» Directions for this task:
Exactly those lines running from the one containing "There is creativity" to the end of the material are to be printed, and no others.

» Dataset section:
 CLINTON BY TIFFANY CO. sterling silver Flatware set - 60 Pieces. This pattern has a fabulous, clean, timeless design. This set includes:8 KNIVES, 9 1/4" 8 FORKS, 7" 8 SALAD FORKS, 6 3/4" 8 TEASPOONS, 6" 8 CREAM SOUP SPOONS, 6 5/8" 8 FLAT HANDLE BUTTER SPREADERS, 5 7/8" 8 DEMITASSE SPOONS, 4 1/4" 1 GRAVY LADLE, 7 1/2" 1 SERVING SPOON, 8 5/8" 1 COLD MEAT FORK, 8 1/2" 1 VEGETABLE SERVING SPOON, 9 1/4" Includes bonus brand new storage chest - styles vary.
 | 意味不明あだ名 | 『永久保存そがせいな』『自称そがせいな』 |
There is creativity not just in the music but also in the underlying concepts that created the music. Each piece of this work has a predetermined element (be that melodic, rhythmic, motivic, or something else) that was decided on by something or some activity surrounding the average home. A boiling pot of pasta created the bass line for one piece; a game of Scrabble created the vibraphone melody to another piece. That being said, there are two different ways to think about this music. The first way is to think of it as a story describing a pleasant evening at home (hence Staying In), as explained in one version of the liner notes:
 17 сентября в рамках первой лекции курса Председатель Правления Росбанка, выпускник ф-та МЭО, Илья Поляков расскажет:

» Task output:
There is creativity not just in the music but also in the underlying concepts that created the music. Each piece of this work has a predetermined element (be that melodic, rhythmic, motivic, or something else) that was decided on by something or some activity surrounding the average home. A boiling pot of pasta created the bass line for one piece; a game of Scrabble created the vibraphone melody to another piece. That being said, there are two different ways to think about this music. The first way is to think of it as a story describing a pleasant evening at home (hence Staying In), as explained in one version of the liner notes:
 17 сентября в рамках первой лекции курса Председатель Правления Росбанка, выпускник ф-та МЭО, Илья Поляков расскажет:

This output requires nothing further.